### Exercise details
Nothing but the lines from the first line of the entries through the line with "Rp Rp1 R R1" should appear in the answer, transcribed exactly and free of pictures.

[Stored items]
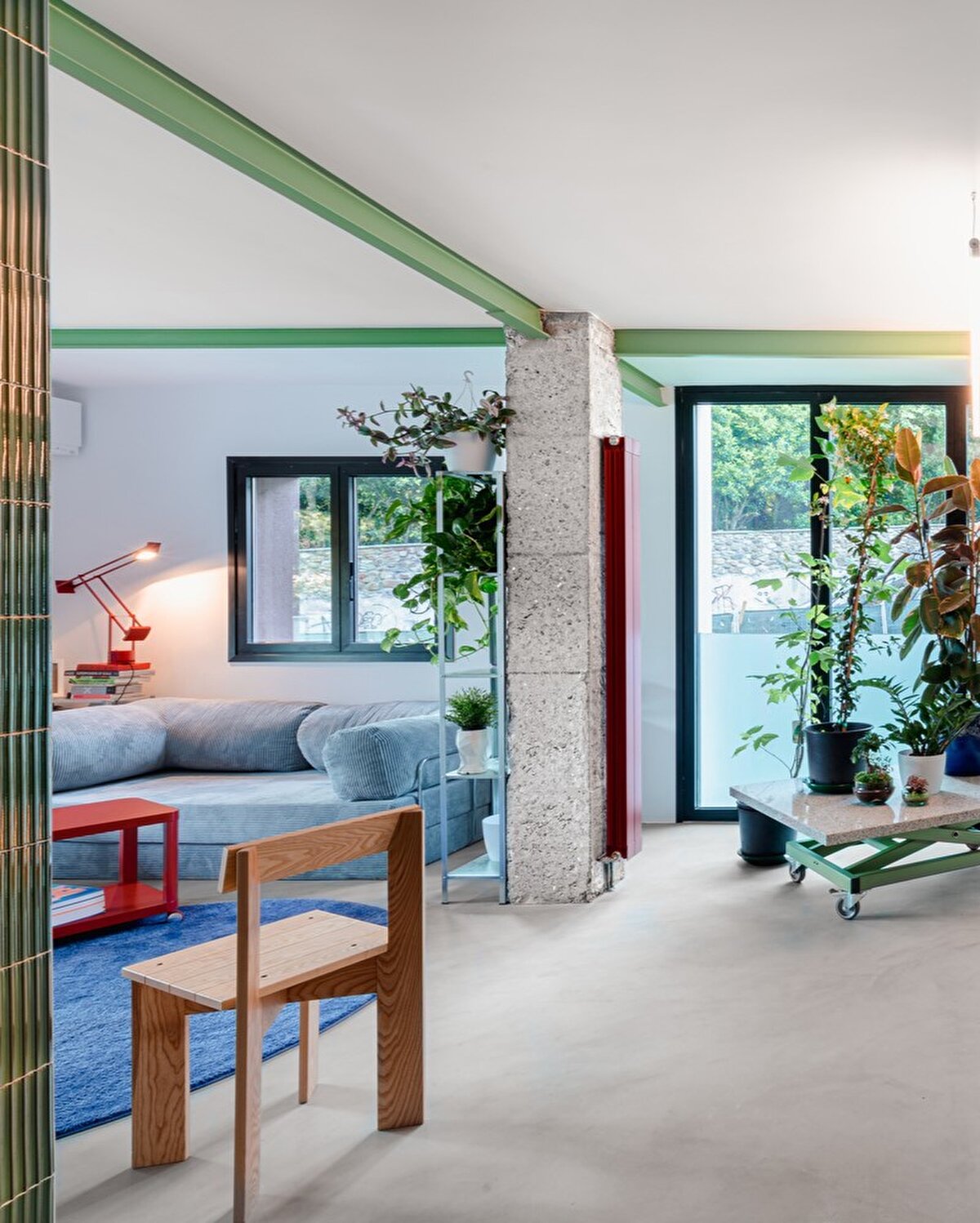 Mekân, yerel ve geri dönüştürülmüş malzemelerle yapılan hareketli mobilyalarla tamamlanıyor. Granitten yükseltilebilir bir ada, ağaç köklerinden yapılmış tabureler ve sulama sistemiyle desteklenen mobil bitki örtüsü hem işlevselliği artırıyor hem de çevreyle bağlantıyı güçlendiriyor.
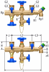 Rp Rp1 R R1 G2 G3 z z4 L L2 L3 H H1 Kvs Grösse Art.-Nr. VE suissetec
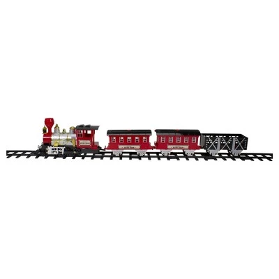 Watch this delightful 24-piece train set circle around your holiday tree. This train set is quick and easy to assemble making this set perfect for young kids.Product features:Track can be configured in either a round or an oval shapeRecommended for ages 3+Makes realistic train soundsLocomotive features a working head light and smoke stack20 pieces of track for a total of over 16 feetIncludes 12 curved and 8 straight track piecesConvenient on/off switchRequires 4 “AA” size batteries (not included)Some easy assembly requiredDimensions of train cars:Locomotive: 6″H x 3.5″W x 12″LBox cars: 4″H x 3″W x 8″LCoal tender: 3.25″H x 3″W x 11.5″LMaterial(s): plastic
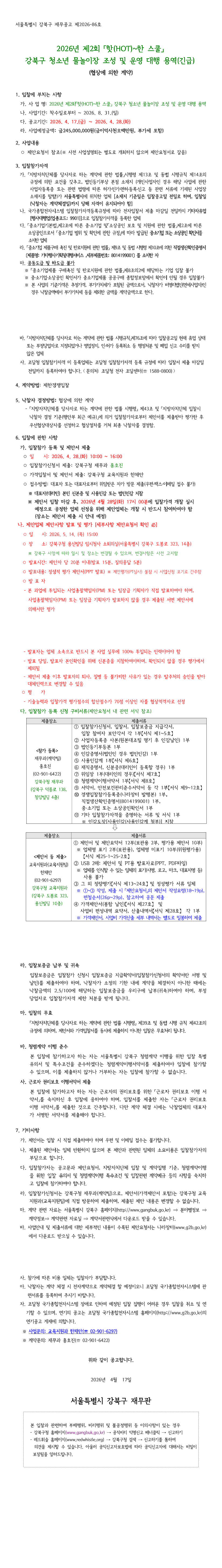 2026년 제2회 핫~한 스쿨 강북구 청소년 물놀이장 조성 및 운영 대행용역 |
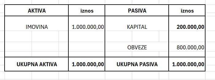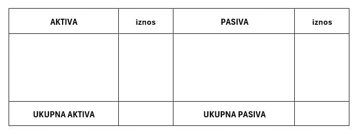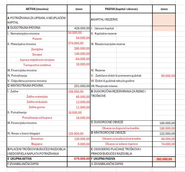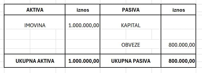 Primjećuješ da ukupna aktiva i pasiva nisu jednake, a moraju biti.

### Answer box
 Mekân, yerel ve geri dönüştürülmüş malzemelerle yapılan hareketli mobilyalarla tamamlanıyor. Granitten yükseltilebilir bir ada, ağaç köklerinden yapılmış tabureler ve sulama sistemiyle desteklenen mobil bitki örtüsü hem işlevselliği artırıyor hem de çevreyle bağlantıyı güçlendiriyor.
 Rp Rp1 R R1 G2 G3 z z4 L L2 L3 H H1 Kvs Grösse Art.-Nr. VE suissetec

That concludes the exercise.